→ ABOUT THIS TASK
Within the listing that follows, reproduce exactly the lines starting at the line with "凈氣型儲藥柜頂部配備風機和過" and ending at the line with "Các thanh niên", inclusive, and only those. Pictures are dropped.
◆ ◆ ◆ ◆
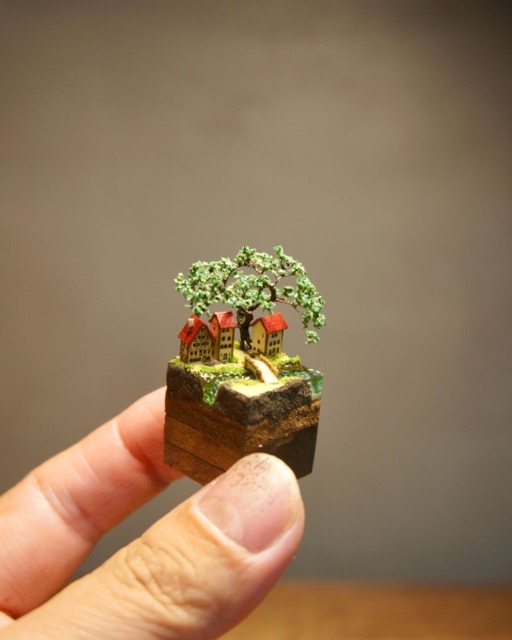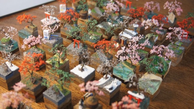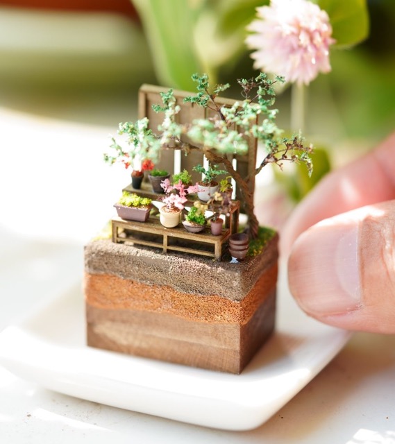 - ひとくちサイズのミニチュアガーデン・テラリウムブロックの展示販売を行います。大きさ2センチほどの組み木に自然の情景などを再現したミニチュア作品です。まるで本物の植物に見えますが、全てジオラマ用の材料を用いた造花になります。
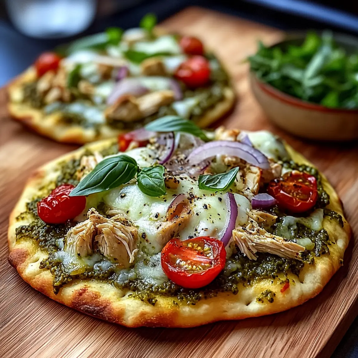 Reheating: To bring your Pesto Chicken Flatbread back to life, reheat in an oven at 350°F (180°C) for 5–6 minutes or use an air fryer for about 2–3 minutes until heated through.
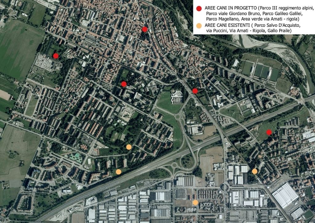 Le cinque aree saranno di circa 750 mq l’una, delimitate da recinzione metallica dell’altezza di 2,20 m fuori terra. Ogni spazio avrà il suo cancello d’ingresso pedonale, utile anche a far accedere eventuali mezzi di manutenzione del verde. Valutato che le aree cani possono promuovere momenti di aggregazione sociale, in prossimità dell’ingresso sarà realizzata una piccola area attrezzata per la fruizione ombreggiata. In prossimità dell’area sarà posata una fontanella. Infine, in corrispondenza degli ingressi sarà predisposto apposito cestino, dotato di distributore di sacchetti, per conferire le deiezioni, verrà posizionata anche apposita segnaletica indicante le principali regole di accesso e fruizione dell’area.
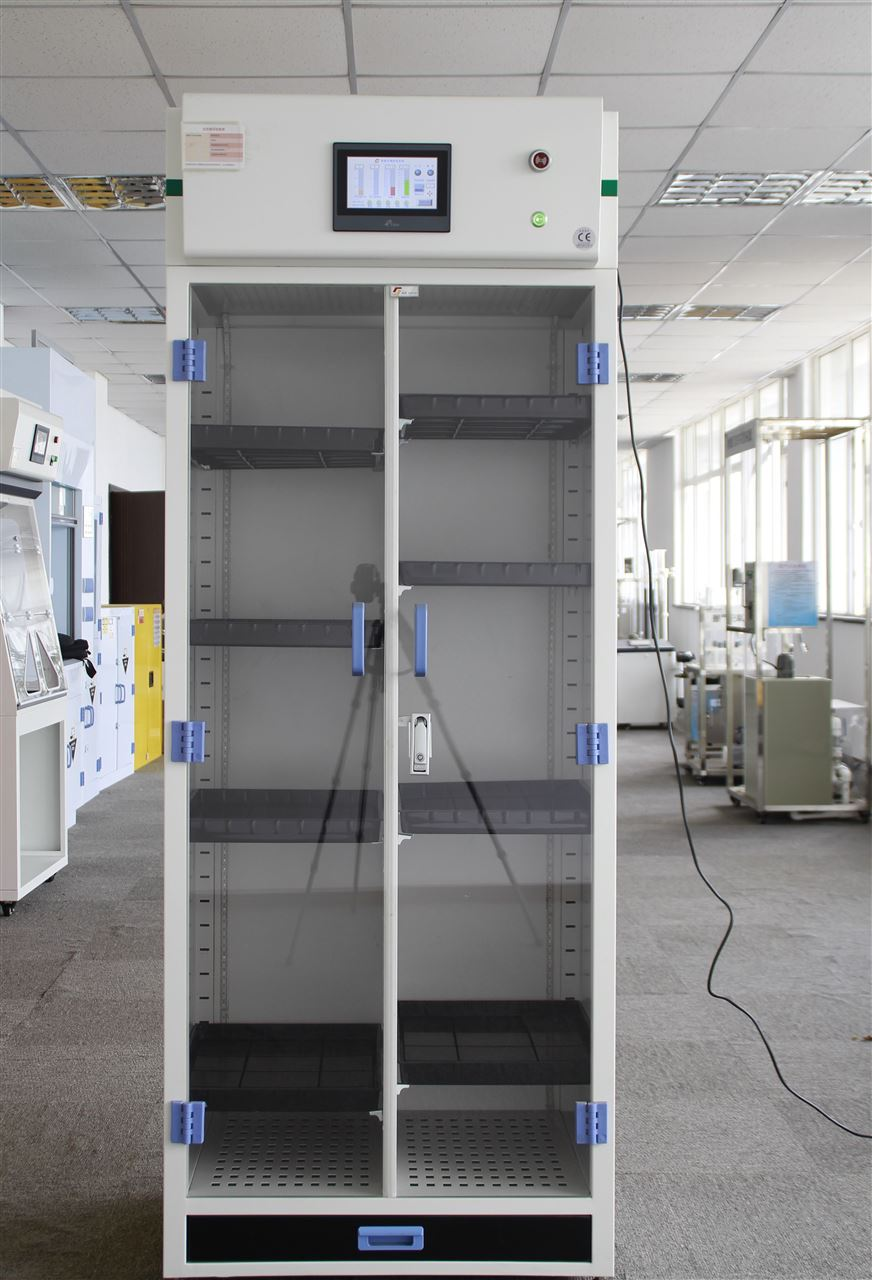 凈氣型儲藥柜頂部配備風機和過濾裝置,風機運轉(zhuǎn)使得柜內(nèi)形成負壓,空氣從進氣口進入,有毒氣體和粉塵的空氣將被活性炭過濾器和高效粒子過濾器過濾,經(jīng)過過濾后潔凈的空氣返回室內(nèi)。凈氣型儲藥柜用來保護實驗室人員在存儲化學品時帶來的吸入危害,同時能夠24小時不間斷的對室內(nèi)空氣進行循環(huán)過濾。
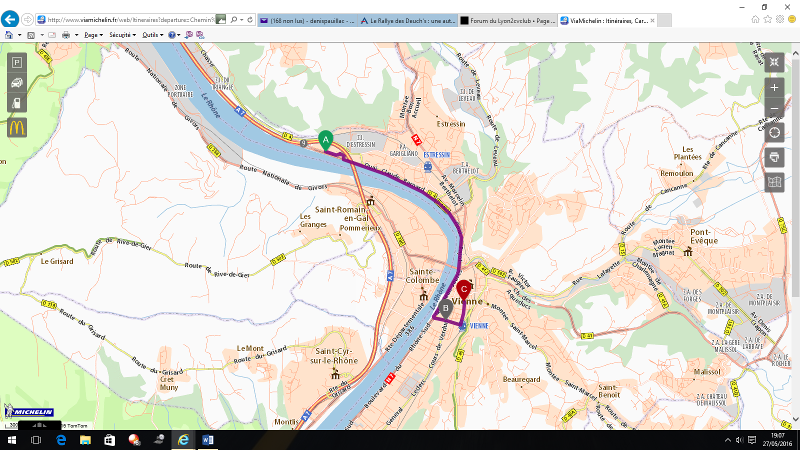 Si j'arrive à savoir par ou et à quelle heure elles passent, je vais essayer le les rencontrer pas loin de mon boulot (Saint Quentin Fallavier) pour les suivre jusqu'à Vienne.
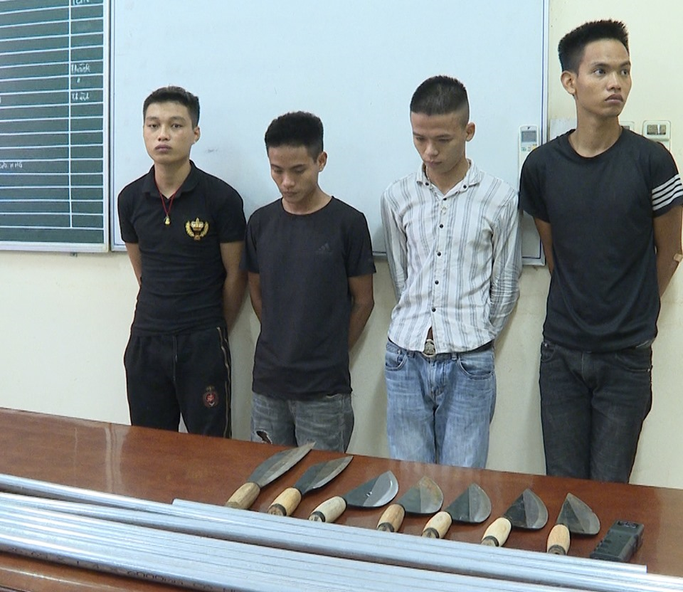 Các thanh niên bị bắt giữ gồm: Đỗ Ngọc Sơn (SN 1996), Đỗ Đức Hậu (SN 2001, đều trú tại xã Hanh Cù, huyện Thanh Ba, Phú Thọ); Hà Minh Quân (SN 1999, trú tại xã Đỗ Sơn, huyện Thanh Ba, tỉnh Phú Thọ) và Nguyễn Thế Công (SN 1999, trú tại xã Đồng Yên, huyện Bắc Quang, tỉnh Hà Giang).
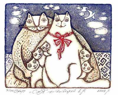 I trzymającego w drugiej dłoni klepsydrę czasu nad stołem z półmiskiem, na którym leży upieczony prosiak. To tylko przykłady wielu znakomitych rzeźb tego artysty. Członka Nacionalnoi Spiłki Chudożnikiw Ukrainy (Narodowego Związku Artystów Plastyków).
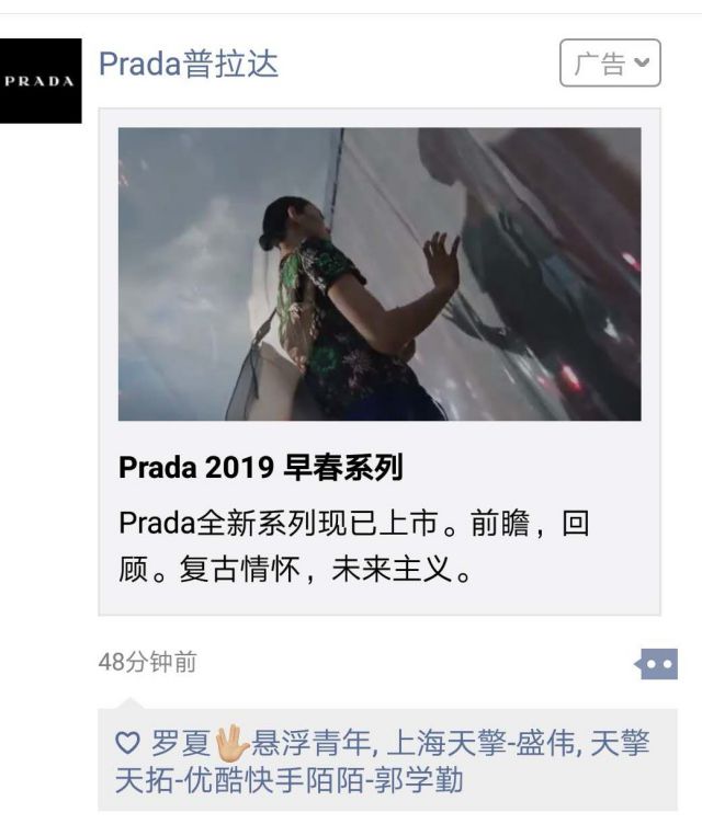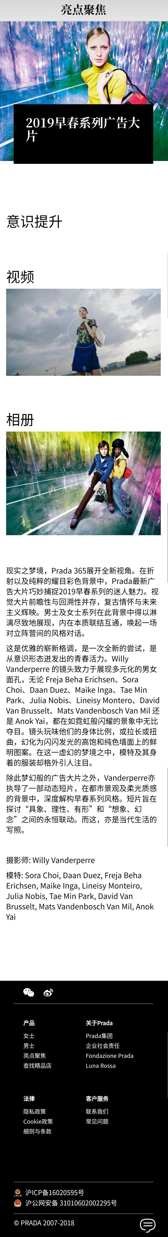 广告内页最顶部的就是一个视频 视频就是Prada普拉达的2019年早春系列的广告大片,大牌的广告都是蜜汁好看! 落地页中就是关于品牌的介绍,在落地页底部也有一些按钮,通过这些按钮,我们也可以了解更多关于Prada普拉达的信息。 Prada舆情培训普拉达投放的微信朋友音乐餐吧宣传海报圈广告就是这样,一般大牌都是引领潮流,所以不得不承认Prada普拉达投放的广告是较好的,在2018年年尾的时候就已经引流2019年初的潮流! 在这里,小编有一个小小的建议。就是在落地页中,也可以吸引用户关注微信公众号,这样会更有助于用户了解新品上市,也更有助于企业发展维护新老客户。
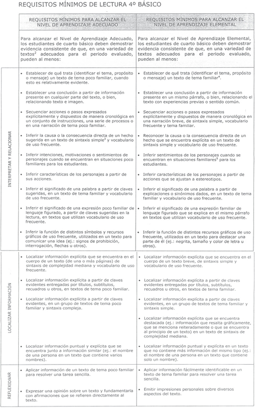 En la prueba SIMCE, estos estudiantes muestran escasa evidencia de que al leer diversos tipos de textos apropiados para cuarto básico son capaces de: Alcanzar una comprensión global de lo leído; realizar inferencias directas; localizar información explícita que aparece en el cuerpo de un texto; y reflexionar sobre la lectura para emitir impresiones personales sobre diversos aspectos del texto.
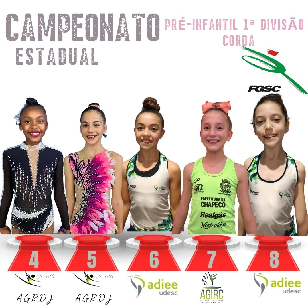 No fim-de-semana as atletas da Associação de Ginástica Rítmica de Chapecó (Agirc) entraram em quadra e fizeram bonito no Campeonato Estadual Pré-Infantil, promovido pela Federação de Ginástica de Santa Catarina. Participaram do Campeonato 20 atletas com idades entre 9 e 10 anos:
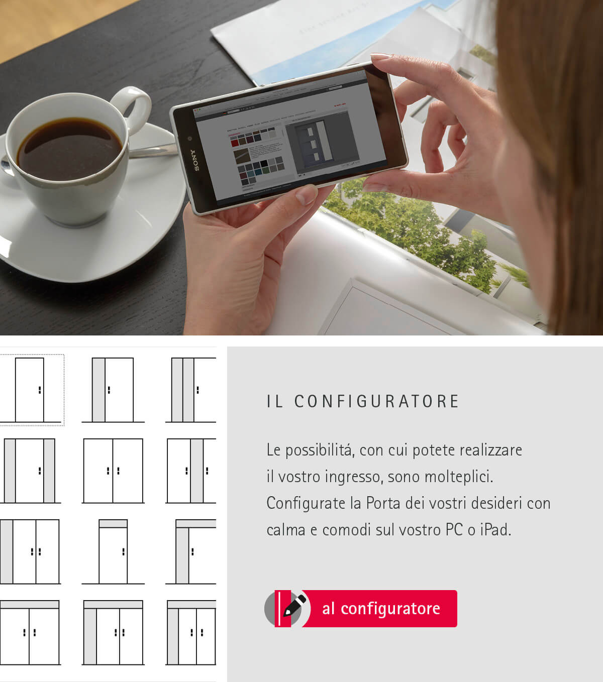 Visitate ora il nostro configuratore di porte d‘ingresso e scoprite i nuovi highlight! Le superfici di design appena introdotte in look corten e cemento sono ora disponibili per la selezione. Lasciatevi ispirare dalla nuova categoria "Design Highlights", che mostra selezionati varianti di modelli. La vetrata decorativa di tendenza "Zoe" è ora disponibile anche per il modello "Consis Export". I sommari dal design vivace rendono la configurazione un'esperienza. Create adesso la porta d‘ingresso dei vostri sogni: Configuratore di porte d'ingresso
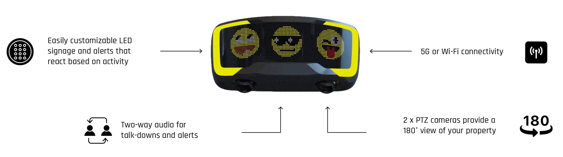 • 110 dB speakers and enhanced microphones for powerful, clear audio deterrence
◆ ◆ ◆ ◆
→ EXERCISE RESULT
 凈氣型儲藥柜頂部配備風機和過濾裝置,風機運轉(zhuǎn)使得柜內(nèi)形成負壓,空氣從進氣口進入,有毒氣體和粉塵的空氣將被活性炭過濾器和高效粒子過濾器過濾,經(jīng)過過濾后潔凈的空氣返回室內(nèi)。凈氣型儲藥柜用來保護實驗室人員在存儲化學品時帶來的吸入危害,同時能夠24小時不間斷的對室內(nèi)空氣進行循環(huán)過濾。
 Si j'arrive à savoir par ou et à quelle heure elles passent, je vais essayer le les rencontrer pas loin de mon boulot (Saint Quentin Fallavier) pour les suivre jusqu'à Vienne.
 Các thanh niên bị bắt giữ gồm: Đỗ Ngọc Sơn (SN 1996), Đỗ Đức Hậu (SN 2001, đều trú tại xã Hanh Cù, huyện Thanh Ba, Phú Thọ); Hà Minh Quân (SN 1999, trú tại xã Đỗ Sơn, huyện Thanh Ba, tỉnh Phú Thọ) và Nguyễn Thế Công (SN 1999, trú tại xã Đồng Yên, huyện Bắc Quang, tỉnh Hà Giang).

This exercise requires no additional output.